Detailed Description

As discussed above, the present invention is directed to methods and apparatus for implementing single instruction multiple data (SIMD) signal processing operations. Various embodiments are directed to new and useful registers and register arrays suitable for use when implementing a system according to a SIMD architecture. The register and register arrays of the present invention allow the implementation of direct transpose and various other row/column data manipulation operations in an efficient manner without intermediate data buffering. In addition to the novel registers and register arrays of the present invention, various aspects of the present invention are directed to new and novel SIMD instructions, e.g., a SIMD transpose instruction, and methods for using the novel registers and register arrays of the present invention. In accordance with the present invention, a hardware approach is taken to solving the problem of manipulating row/column data, e.g., to perform a transpose operation on data included in a two-dimensional array. One particular feature of the present invention is directed to circuitry that allows a general purpose register file in a SIMD architecture machine to read and/or write data into registers in a manner that allows two-dimensional data to be processed efficiently along either rows or columns. To facilitate an understanding of the SIMD register array of the present invention, a conventional register array 700, shown in Fig. 7, will first be discussed.
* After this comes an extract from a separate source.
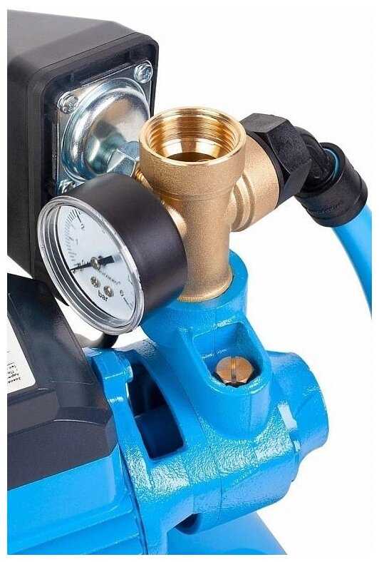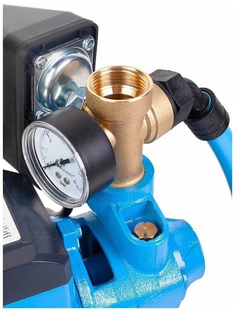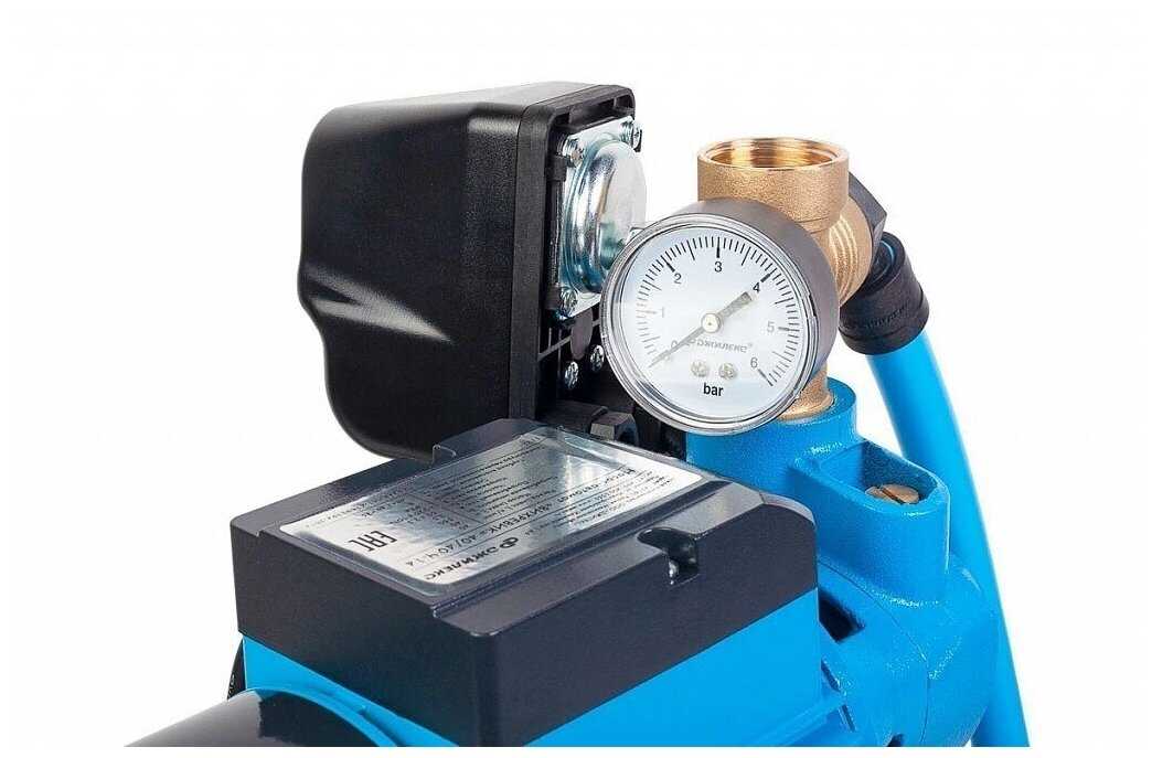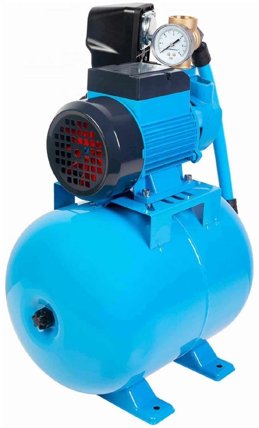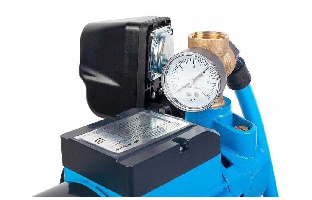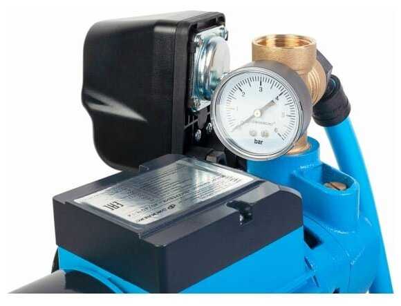 Был отрегулирован из коробки на давление воды в 2,5 очка (атмосферы). В баке давление воздуха было 2 очка. Пришлось отрегулировать на 1 очко меньше и там и там, ведь насос нам нужен только для заполнения стиральной машины-автомата водой из рядом стоящей ëмкости, так как водопровода у нас нет и проводить не хотят.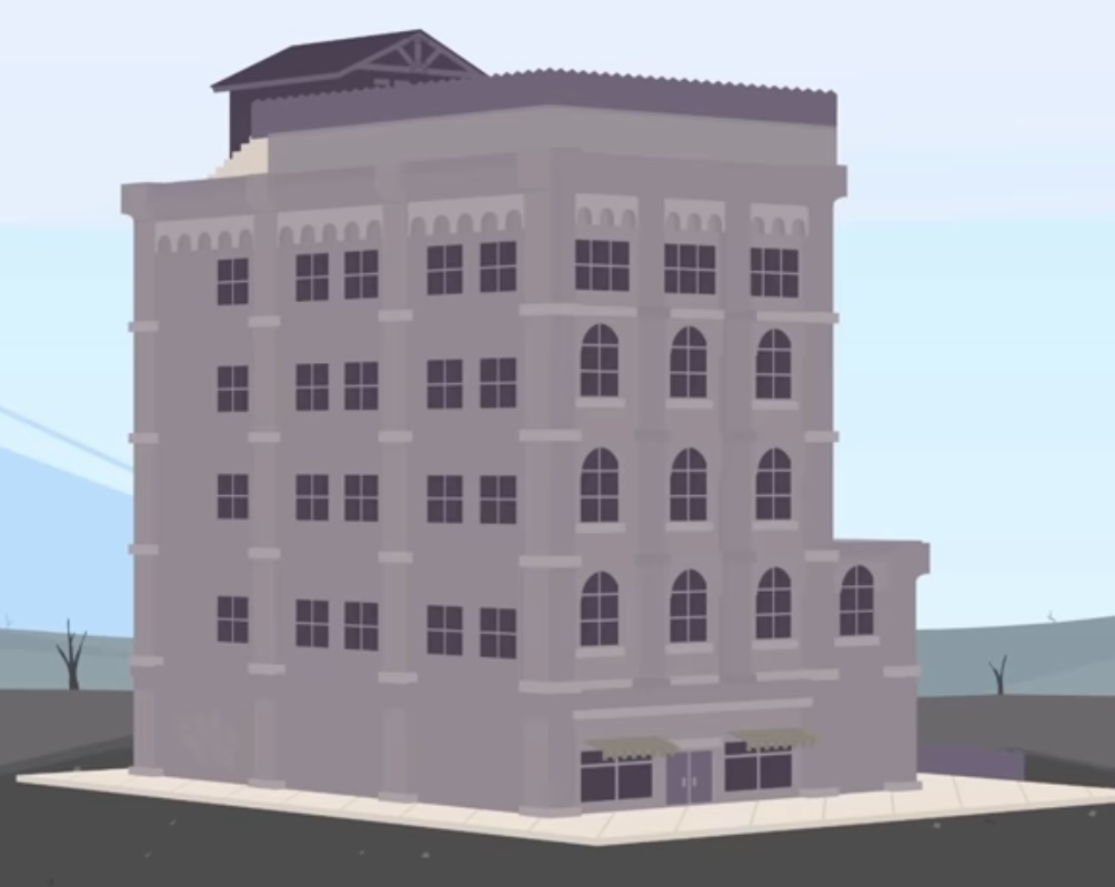 In "You Know Those Buttons Don't Do Anything, Right?", the interior of the hotel is shown in more detail and has a very hotel-like appearance, with a first floor that looks like a lobby and many rooms. There is also an elevator that leads to each floor, as well as to the roof. Each floor also has a different color, with the lobby being red, the second floor being orange, and so on.

Fig. 7 illustrates a conventional register array 700 with two separate registers 702, 704, each n bits in length. The individual first and second registers 702, 704 may be accessed using the control lines which are supplied with control signals cO and cl. The n output data lines from each of the two registers 702, 704 are joined together via a system of pass gates 703, 705, which are sometimes referred to as pass gate arrays. The term pass gate is used here to refer to a switching device. Pass gates may be implemented with, e.g., tri-state logic, and take the form of transmission gates, multiplexers, or other similar circuitry. Pass gates may be capable of bus control. Pass gates of the type used in the present invention are commonly used to allow the multiplexing of data from a number of devices while avoiding electrical conflicts. The control signals cl, cO are supplied to the system of pass gate arrays. The appropriate manipulation of the control signals ensures proper behavior of the register array 700. Note that in the Fig. 7 example, the first and second registers 702, 704 may be part of a SIMD architecture system and that implicit within each register there are two, n/2-bit sub-words (d, c) and (b, a) , respectively.

In Fig. 7, the symbol Z is used to represent an n-bit bus. The bus Z includes n data lines, zl, z2 ._ zn. In the known register array 700, the control signals, cO and cl, may be used to select the contents (d, c) , (b, a) of either register 702, 704 but it is not possible to obtain the sub-words a, b, c, or d separately.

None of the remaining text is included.